Well, that is all Steven Soderbergh’s plan. He is authentic and real. He told me that he wanted this story to come across as something that could happen, and that people could believe in. It’s really nice to have a man with a great vision. And there really has been a great response from people who say they find it very realistic. I think it was during the rooftop chase in Dublin, which does take a long time, that I finally stopped and thought, “Well, yeah, it would actually take this person this long to get away from that many people.”

And do you know what’s so funny is that he actually cut that scene down a lot. He just enjoyed watching me run, I guess. [Laughs] But the studio told him, “It’s a little long.” So that was actually cut back tremendously. On the DVD, I want to see the entire sequence.

We’re actually going to have a lot of cool stuff on the DVD because there were a lot of fun things that went into the making of this movie. I came out of the latest “Mission: Impossible” movie the other day …

How is that? I really want to see it. Oh, it’s terrific. But driving home, it made me feel different. For a few minutes, before I allowed myself to disconnect, I felt like a character in that movie. How, then, do you disconnect after actually playing a character in a realistic, gritty action movie? Does it change how you do things? How you view the world?

Well, absolutely. Actually, Soderbergh paired me with a man named Aaron Cohen [credited as a “technical advisor”], and he’s ex-Mossad. This man went so far as to putting a GPS tracker on my car and we were playing little war games in Los Angeles.

I remember I was coming out of the hair salon and he showed up. We had these little blue guns that we were supposed to carry on us – and I mean me, Ewan, Channing and Fassbender – and if he ever snuck up on us anywhere in L.A., we were supposed to pull our guns and beat him to it. He did this outside of a hair salon, where I’m feeling really good. I’d just had my hair done! [Laughs] And I completely fumbled it and lost that game. How long did that go on?

Almost seven weeks! And he had me trailing poor, innocent soccer moms. I mean, these poor people. I had to trail them around Los Angeles without letting them catch on to the fact that I was following them. And then, halfway through the day, he’d say to me, “Oh yeah, and you’re being followed as well.” So I’d have to figure how who was stalking me, pretty much. I think that was Soderbergh’s way of brainwashing me into the role that is Mallory Kane. I love that, though. That’s so awesome.

I know. I realized that it was just like playing war with a bunch of 12-year-old boys. It was a brilliant way for Soderbergh to get me into this role. OK, so, which of you male co-stars hits the hardest?

They all have their different physicality about them. Channing is extremely strong and athletic. Fassbender is extremely tricky and kind of one of those … what’s the word I’m thinking of?
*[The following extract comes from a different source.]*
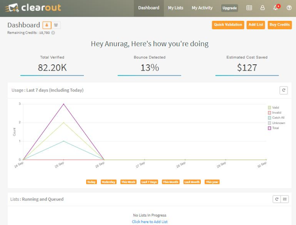 Email Verification: With millions of emails verified each day Clearout helps in removing invalid, spam traps, typos, temporary, gibberish or risky emails.
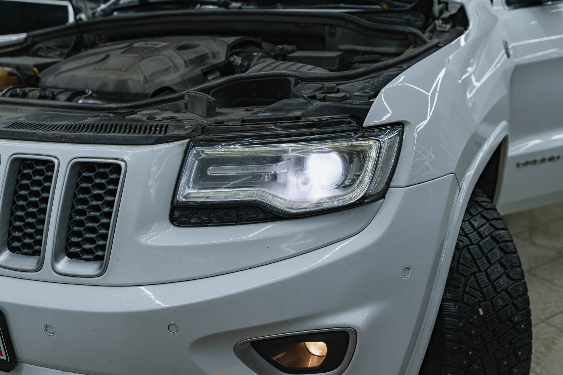 Полировка фар Джип Гранд Чероки.После модернизации фары Jeep Grand Cherokee с модулями Vision TRI-LED Ultimate Series Soft 4800K стали излучать плотный и яркий белый свет. Мощность головного света заметно усилилась, что создает максимально комфортные условия для ночных поездок, гарантируя водителю отличную видимость и безопасность. Помимо функциональных улучшений, автомобиль заметно преобразился внешне: яркий белый свет фар придал транспортному средству более солидный и эстетичный вид, освежив экстерьер.

Dirty. You want to say dirty.

[Laughs] Yes, Fassbender would be a dirty fighter. That’s what it is. And then Ewan McGregor was just so intelligent. He picked up the techniques very quickly. So they all had their strengths about them that would make them a dangerous fighter. I thought that they wanted Ewan for James Bond at one point?

I actually think they’d like Fassbender now. Forget that. Let’s put you in Bond.

I know! Haven’t we reached that point where the female can take the Bond character and just have a litter of very attractive men that are the Bond men? Listen, after seeing “Haywire,” I’m convinced that can happen.

Steven Soderbergh’s “Haywire” stars Gina Carano, Michael Douglas, Antonio Banderas, Ewan McGregor and Michael Fassbender. It opens everywhere on Jan. 20.